Write out the entries below exactly as they stand. Skip every image.

Source data:
# # # # #
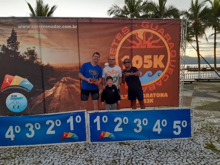 Sérgio conta como foi a competição: “A corrida foi muito difícil, pois a parte dos 80 km em estrada de chão estava bem irregular com muitas pedras soltas, buracos, subidas fortes e barro. Infelizmente não fui com as minhas melhores condições físicas. Não consegui treinar como deveria por causa de dores no quadril e coxa e acabei sentindo fortes dores a partir do km 52 da prova. Participei da prova na categoria “com apoio”, onde podia ser acompanhado por um carro de apoio, onde foram meus amigos Gustavo Les, fisioterapeuta, e Julio Damasceno, maratonista. Gustavo me acompanhou de bike aproximadamente 70 km do percurso, apoiando incondicionalmente com massagens, alimentação e hidratação durante a prova, e o Julio correu ao meu lado 20 km. Na parte mais crítica do dia, onde o sol estava forte e a vontade de abandonar a competição era grande, se não fosse meus amigos eu não teria conseguido completar a prova. Terminei a ultra no tempo de 13h00m56s, chegando em quarto lugar na classificação geral e em segundo lugar na categoria 35 a 39 anos. Meu próximo desafio será em novembro, onde o objetivo será correr 275 km em 48 horas na Ultramaratona Paraná 2019”.
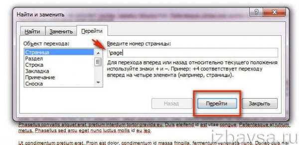 4. В дополнительном окне «Найти и заменить», на вкладке «Перейти», выберите объект перехода «Страница».
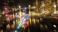 Aan de Amsterdamse grachten zie je honderden bootjes voorbij komen. Door te spelen met licht is er een waar kunstwerk ontstaan,
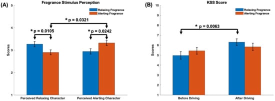 (A) The bar graphs illustrate the average ratings on perceived fragrance stimulus character (1 = Strongly No, 2 = No; 3 = Neutral; 4 = Yes; 5 = Strongly Yes). The ratings represent averages of the scores of the corresponding set of questions (relaxing and alerting character) for each of the two fragrance stimuli (coded here as relaxing and alerting fragrance). (B) the scores corresponding to the Karolinska Sleepiness Scale (KSS). 1 = Extremely alert; 10 = Extremely sleepy. Error bars represent standard error of mean. Statistical significance was determined with a significance level of p < 0.05 (*).
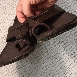 Columbia Women's 'Lima' Black Leather & Neoprene Toe Loop Slides Flip Flops sz 9. Pre-owned.
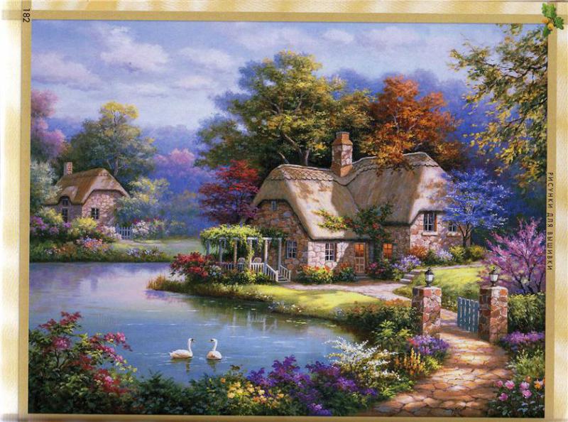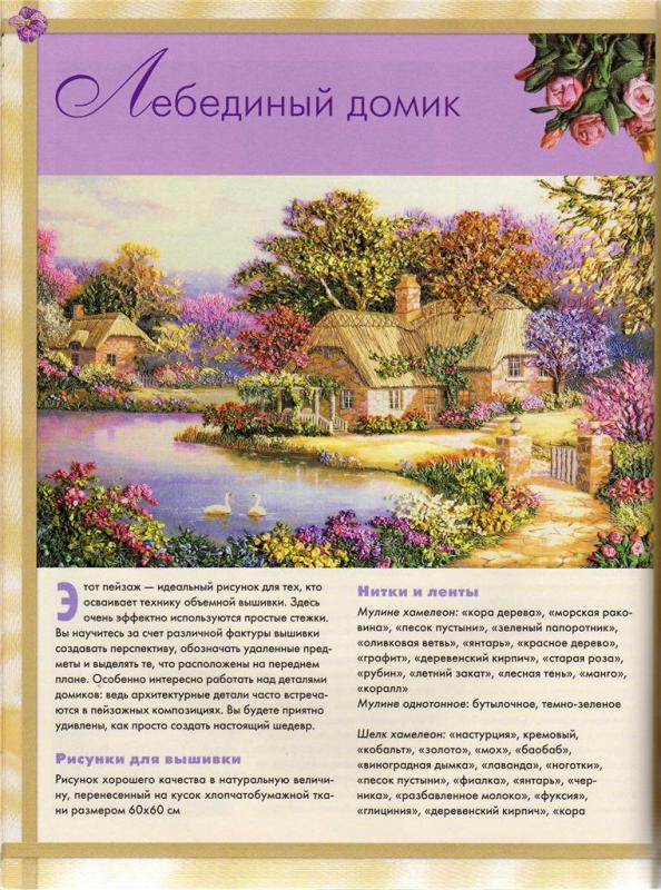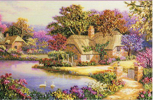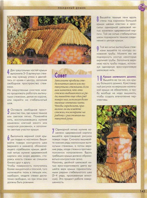 Обьемная вышивка.Лебединый домик
# # # # #
Task result:
 Sérgio conta como foi a competição: “A corrida foi muito difícil, pois a parte dos 80 km em estrada de chão estava bem irregular com muitas pedras soltas, buracos, subidas fortes e barro. Infelizmente não fui com as minhas melhores condições físicas. Não consegui treinar como deveria por causa de dores no quadril e coxa e acabei sentindo fortes dores a partir do km 52 da prova. Participei da prova na categoria “com apoio”, onde podia ser acompanhado por um carro de apoio, onde foram meus amigos Gustavo Les, fisioterapeuta, e Julio Damasceno, maratonista. Gustavo me acompanhou de bike aproximadamente 70 km do percurso, apoiando incondicionalmente com massagens, alimentação e hidratação durante a prova, e o Julio correu ao meu lado 20 km. Na parte mais crítica do dia, onde o sol estava forte e a vontade de abandonar a competição era grande, se não fosse meus amigos eu não teria conseguido completar a prova. Terminei a ultra no tempo de 13h00m56s, chegando em quarto lugar na classificação geral e em segundo lugar na categoria 35 a 39 anos. Meu próximo desafio será em novembro, onde o objetivo será correr 275 km em 48 horas na Ultramaratona Paraná 2019”.
 4. В дополнительном окне «Найти и заменить», на вкладке «Перейти», выберите объект перехода «Страница».
 Aan de Amsterdamse grachten zie je honderden bootjes voorbij komen. Door te spelen met licht is er een waar kunstwerk ontstaan,
 (A) The bar graphs illustrate the average ratings on perceived fragrance stimulus character (1 = Strongly No, 2 = No; 3 = Neutral; 4 = Yes; 5 = Strongly Yes). The ratings represent averages of the scores of the corresponding set of questions (relaxing and alerting character) for each of the two fragrance stimuli (coded here as relaxing and alerting fragrance). (B) the scores corresponding to the Karolinska Sleepiness Scale (KSS). 1 = Extremely alert; 10 = Extremely sleepy. Error bars represent standard error of mean. Statistical significance was determined with a significance level of p < 0.05 (*).
 Columbia Women's 'Lima' Black Leather & Neoprene Toe Loop Slides Flip Flops sz 9. Pre-owned.
 Обьемная вышивка.Лебединый домик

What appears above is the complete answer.